== Data to use ==
======
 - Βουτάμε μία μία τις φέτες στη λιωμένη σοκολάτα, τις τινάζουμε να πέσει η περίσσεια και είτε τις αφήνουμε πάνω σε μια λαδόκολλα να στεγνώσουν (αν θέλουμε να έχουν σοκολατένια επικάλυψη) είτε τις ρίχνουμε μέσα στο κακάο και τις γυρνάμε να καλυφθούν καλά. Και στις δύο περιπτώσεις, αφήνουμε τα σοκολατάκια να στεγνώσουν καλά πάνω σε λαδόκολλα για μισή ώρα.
======
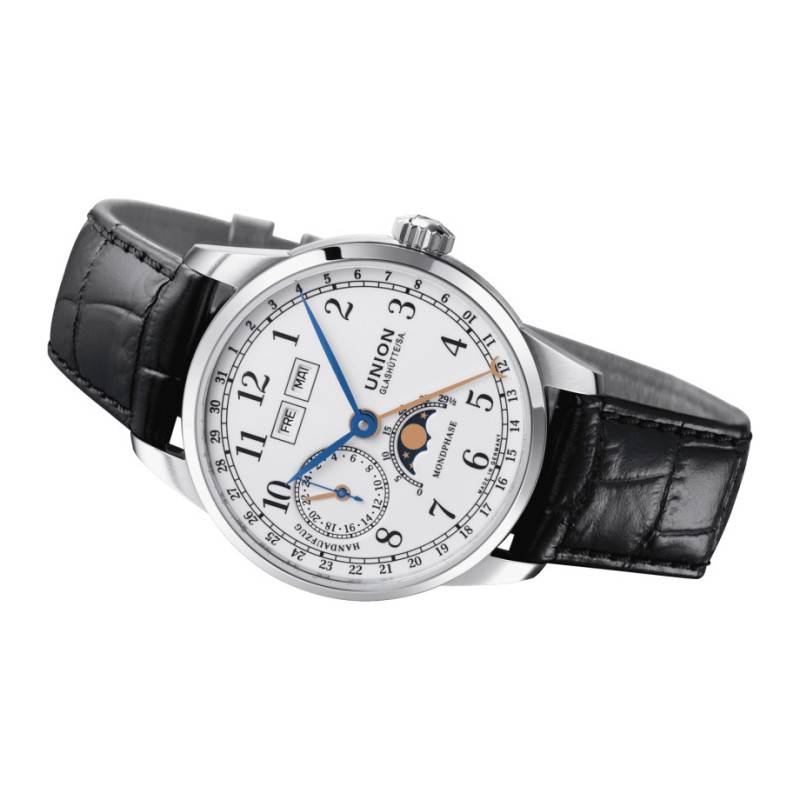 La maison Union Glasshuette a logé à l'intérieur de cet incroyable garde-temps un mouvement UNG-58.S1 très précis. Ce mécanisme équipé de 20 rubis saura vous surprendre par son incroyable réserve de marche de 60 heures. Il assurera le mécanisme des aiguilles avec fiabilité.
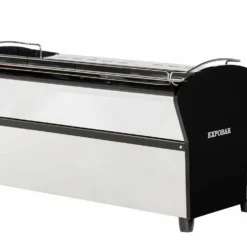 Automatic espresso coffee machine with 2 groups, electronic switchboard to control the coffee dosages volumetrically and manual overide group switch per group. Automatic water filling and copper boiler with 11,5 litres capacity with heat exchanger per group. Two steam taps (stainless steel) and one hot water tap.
======
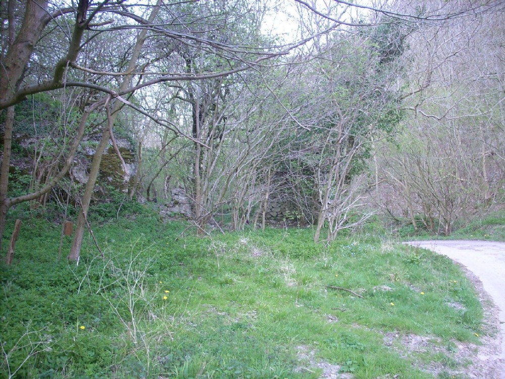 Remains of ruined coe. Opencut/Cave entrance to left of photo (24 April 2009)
======
From the line holding "La maison Union" to the line holding "Automatic espresso coffee", both included, retype the entries above exactly and drop the pictures.

 La maison Union Glasshuette a logé à l'intérieur de cet incroyable garde-temps un mouvement UNG-58.S1 très précis. Ce mécanisme équipé de 20 rubis saura vous surprendre par son incroyable réserve de marche de 60 heures. Il assurera le mécanisme des aiguilles avec fiabilité.
 Automatic espresso coffee machine with 2 groups, electronic switchboard to control the coffee dosages volumetrically and manual overide group switch per group. Automatic water filling and copper boiler with 11,5 litres capacity with heat exchanger per group. Two steam taps (stainless steel) and one hot water tap.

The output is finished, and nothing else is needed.